Data Collection and Reference Standard
In addition to the AI results, clinical and demographic data were abstracted from the medical records. Ground truth in terms of malignancy or benignity was confirmed with a histopathologic diagnosis or at least 1 year of follow-up. Lesions diagnosed as DCIS or invasive carcinoma on biopsy or during surgery were considered malignant. Data on the pathologic size of the invasive tumor, histologic type, TNM stage, estrogen receptor (ER) status, progesterone receptor (PR) status, and human epidermal growth factor receptor type 2 (HER2) status were collected for malignant lesions. Hormone receptor positivity was defined as an ER and/or PR positivity of ≥ 1% of nuclear staining using standard immunohistochemistry methods. HER2 positivity was defined as an HER2 score of 3 + or gene amplification by fluorescence in situ hybridization in tumors with an HER2 score of 2 + .
High risk lesions, such as lobular carcinoma in situ (LCIS), atypical ductal hyperplasia (ADH), and atypical lobular hyperplasia (ALH), were considered benign. Lesions diagnosed as benign on biopsy or during surgery, as well as those that did not exhibit a change during a follow-up of at least 1 year, were considered benign.
Preoperative breast MRI, mammograms obtained after wire localization, or both were used to determine the reference location of the cancer. Two dedicated breast radiologists (S.M.H. and J.M.C., with 11 and 17 years of experience, respectively) reviewed the marks reported by AI software to confirm whether the marks correctly identified the lesions and assessed the lesion type on mammography. Maximum abnormality scores of ≥ 10% within the corresponding mammographic location of the cancer in at least one view were considered true-positive cases. Based on the reference standard, all markers in the AI software at other sites without cancer involvement were considered false-positive cases.
Statistical Analysis
The diagnostic performance of the AI algorithm was evaluated in terms of sensitivity, specificity, positive predictive value (PPV), and negative predictive value (NPV). Sensitivity was defined as the proportion of examinations with a positive result in which the AI system correctly identified the corresponding mammographic location of the cancer with a maximum pixel-level abnormality score of ≥ 10%, among those diagnosed with cancer during the follow-up period. Specificity was defined as the proportion of examinations with a negative result in which the AI software did not detect a suspicious mammographic location among those without a cancer diagnosis during the follow-up period. PPV was defined as the percentage of positive examinations that resulted in a tissue diagnosis of cancer. NPV was defined as the percentage of negative examinations that resulted in a negative cancer diagnosis within the follow-up period.

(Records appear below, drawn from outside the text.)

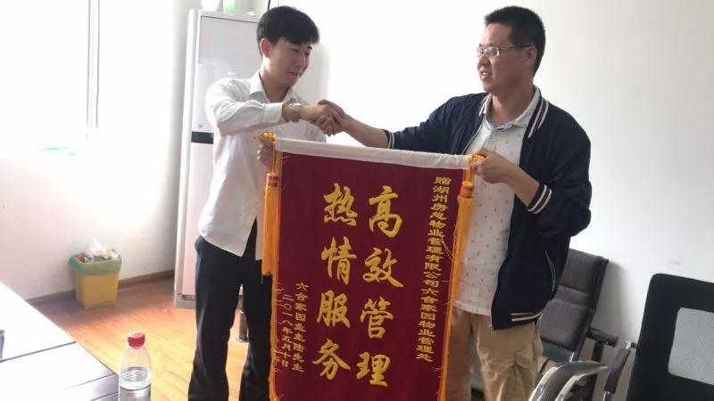 “你們的工作真不錯(cuò)”,5月11日上午,六合家園業(yè)主陸先生拿著印有“高效管理 熱情服務(wù)”的錦旗來(lái)到物業(yè)辦公室,對(duì)工作人員表示感謝,對(duì)物業(yè)工作表示肯定。
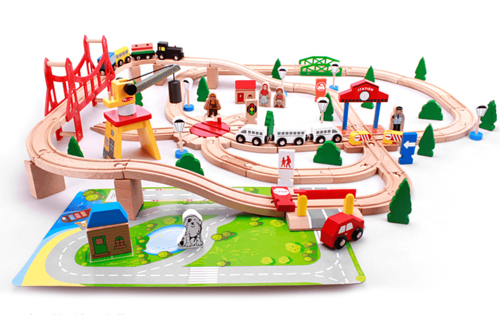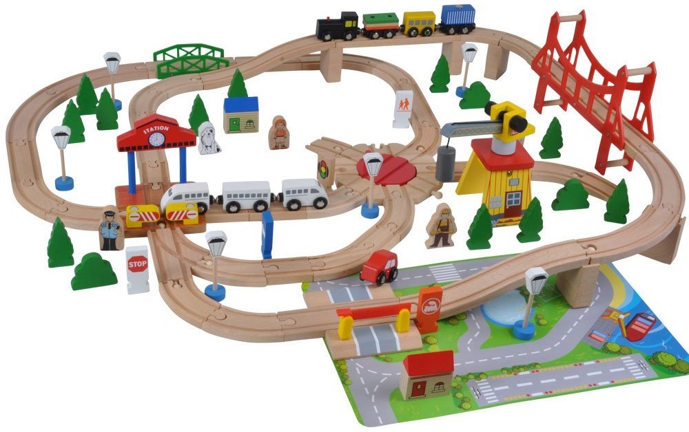 Produs: Set sine, trenulete, accesorii : Wooden Train Set - pe doua nivele.
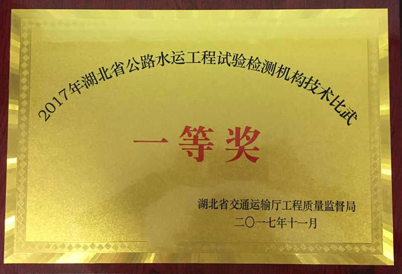 2017年11月11日,由湖北省交通运输厅工程质量监督局主办的钢筋位置及保护层厚度比对试验暨技术比武在中铁大桥局集团武汉桥梁科学研究院有限公司举行,此次技术比武设一、二、三等奖,其中一等奖1名,二等奖3名,三等奖6名。湖北省总共有60多家试验检测单位参与了此次技术比武,经过激烈角逐,路桥集团瑞达公司荣获该技术比武第一名。

This study hypothesized that the diagnostic performance of AI software, in terms of sensitivity and specificity, in unilateral analysis is not inferior to that of bilateral analysis. In many existing studies, the performance of AI shows a wide range of sensitivity from 75.8% to 88.8% and specificity from 63.1% to 95.6% [13]. In our study, we assumed both the sensitivity and specificity of the bilateral analysis to be 80%, and the non-inferiority margin for the difference in sensitivity and specificity between the two modes was set at −5% based on the non-inferiority studies [14]. The non-inferiority margin is the maximum difference in diagnostic performance between the two modes which is considered acceptable or tolerable for the unilateral analysis to be considered similar or not worse compared to the bilateral analysis. A sample size of 524 pairs was needed to achieve a power of 80% (697 pairs for 90% power), with a one-sided type I error of 0.025 for the non-inferiority test with a non-inferiority margin of −5%, assuming a diagnosis proportion of 80% and the proportion of discordant pairs of 16% (within-subject correlation of 0.5) between the bilateral and unilateral mammography test results.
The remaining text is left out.